Hemolytic anemia episodes can result from exposure to certain drugs. Among the many that have been cited as causative agents are: acetanilid, cotrimoxazole, dapsone, doxorubicin, furazolidone, methylene blue, moxifloxacin, nalidixic acid, naphthalene, niridazole, nitrofuratoin, norfloxacin, pamaquine, pentaquine, phenazopyridine, phenylhydrazine, primaquine, rasburicase, sulfacetamide, sulfanilamide, sulfapyridine, thiazolesulfone, toluidine blue, and trinitrotoluene. The exact degree of susceptibility to a drug varies from one person to another. Other drugs have been suggested as best avoided by individuals with G6PD deficiency; however, determining which additional drugs convey a specific risk of a hemolytic anemia episode is unclear.

One drug of particular note is primaquine, an antimalarial drug that is the only drug that can eradicate dormant forms (hypnozoites) of the malarial-causing parasite, Plasmodium vivax. This is essential in preventing endogenous (“from within”) recurrence of malaria (as opposed to reinfection from becoming exposed to malaria again). Because of its importance in treating malaria, primaquine is probably the drug that has caused the most cases of acute hemolytic anemia in G6PD-deficient people. The World Health Organization has developed recommendations to prevent relapse of P. vivax. Primaquine is given whenever needed to people who have tested G6PD normal, and not given (or given only under medical/health worker surveillance) to those have tested G6PD-deficient. More information on this is available here:

http://www.who.int/malaria/mpac/mpac_sep13_erg_g6pd_testing.pdf

The geographic distribution of G6PD deficiency correlates strongly with the distribution of malaria. This has led researchers to speculate that the G6PD gene mutation conveys protection from malaria in these regions. Additional evidence exists that seems to confirm this theory and several studies have indicated that G6PD deficiency is malaria protective, especially against severe malaria. The specific manner how G6PD deficiency protects against malaria is not fully understood. It is possible that this protective quality is linked to the inability of malaria to grow efficiently in G6PD-deficient cells.

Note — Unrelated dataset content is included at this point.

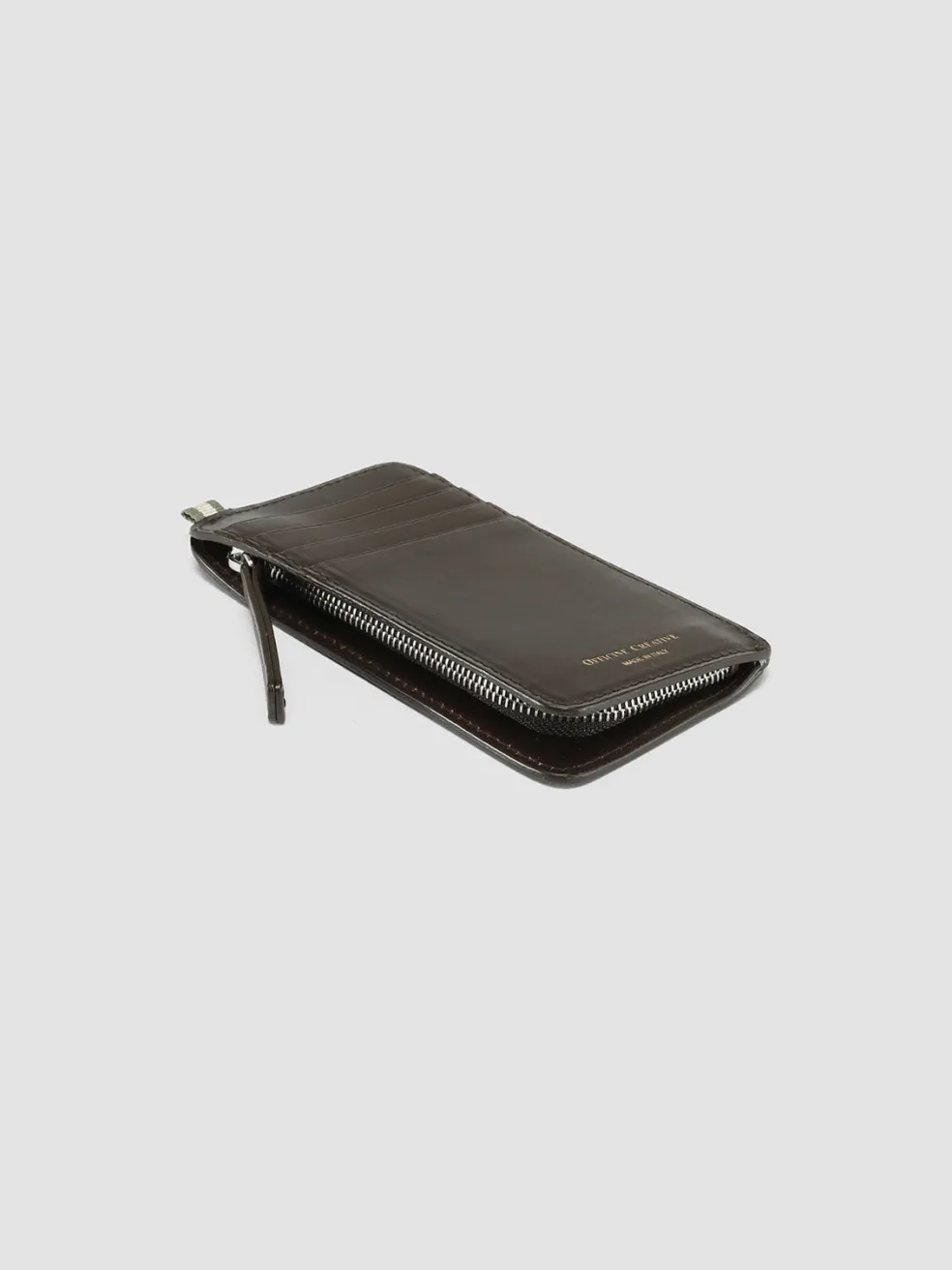 Our Bergè card holder is handcrafted from fine smooth leather in coffee tone. It reveals four card slots, embossed gold-tone lettering logo, signature grosgrain loop tab on the side and pocket with silver-one metal zip fastening.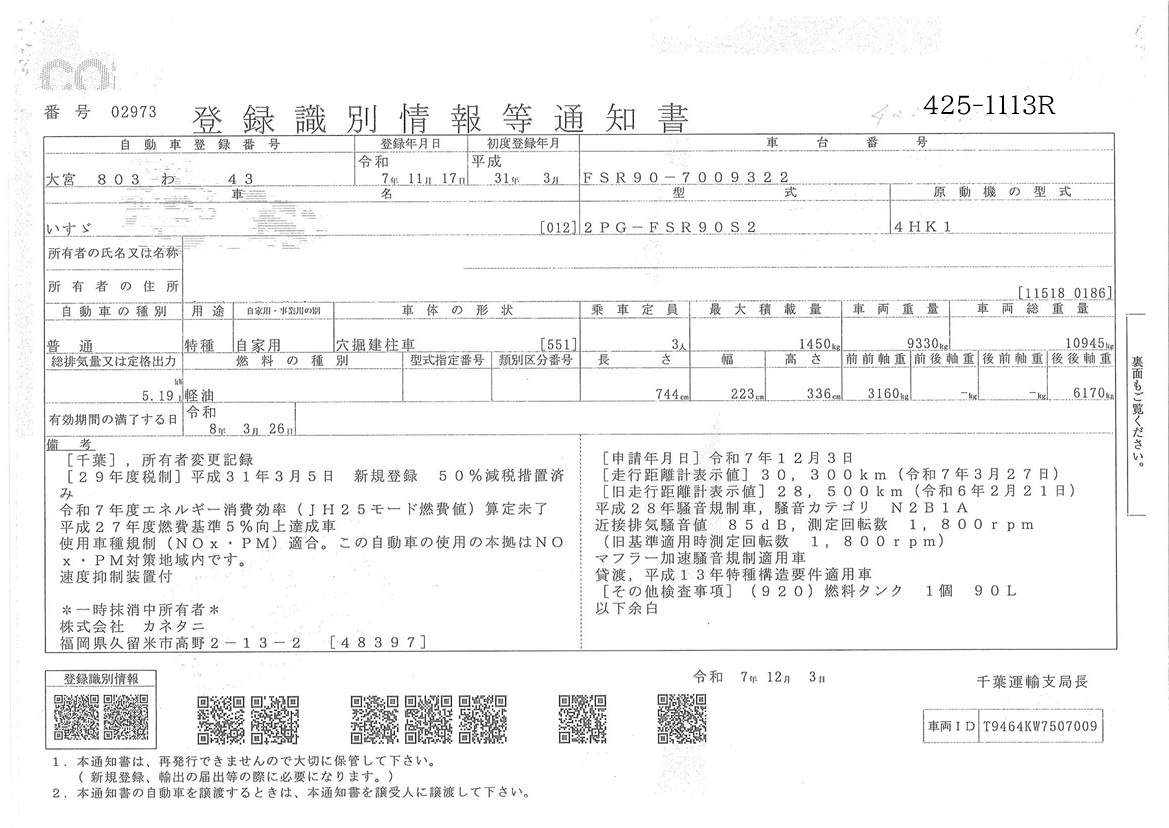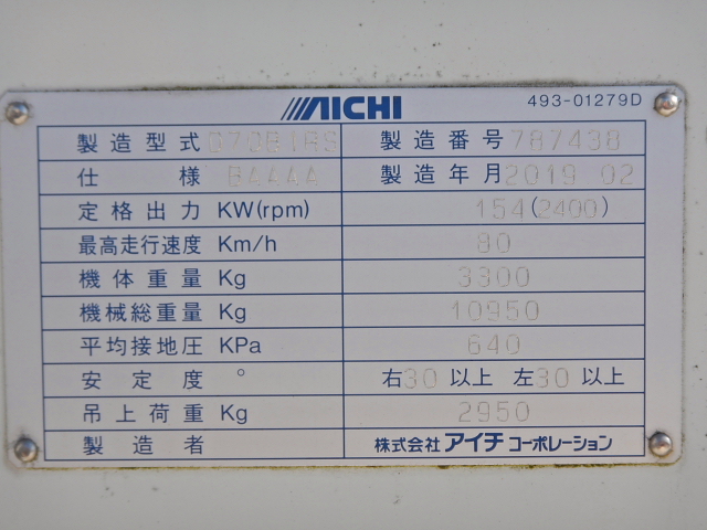 | 備考 | バックアイカメラ(カラー) 記録簿R2-R7 ETC 3段フックイン(吊上2.95t) リアジャッキ アウトリガー4方張出 CHKリール有 抜柱機有 450㎜オーガ スペアキー無 |

Acute hemolytic anemia in G6PD-deficient people can develop after eating fava beans. This is known as favism. It was once thought that favism was an allergic reaction and that the condition could occur from inhalation of pollen. However, researchers have identified the chemicals, known as vicine and convicine, found within fava beans that trigger acute hemolytic anemia episodes in G6PD-deficient people. These chemicals occur in high concentrations within fava beans, but do not occur in other types of beans. Most individuals with G6PD deficiency do not develop symptoms after eating fava beans and individuals who do develop symptoms will not always do so. This suggests that additional factors such as mutations in other genes (e.g. modifier genes) may be necessary to develop favism.

Episodes of acute hemolytic anemia may also result in some affected individuals when exposed to infectious diseases. Care must be taken to know what drugs can cause acute hemolytic anemia in G6PD-deficient people before they be given to the patient. However, there is significant confusion in the medical literature in this regard. Some drugs are considered dangerous because they were given to G6PD-deficient individuals whose symptoms were caused by the preexisting infection, yet misattributed to the drug.

As described in the medical literature, some G6PD-deficient individuals are at a higher risk of widespread infection of the blood (sepsis) following severe trauma.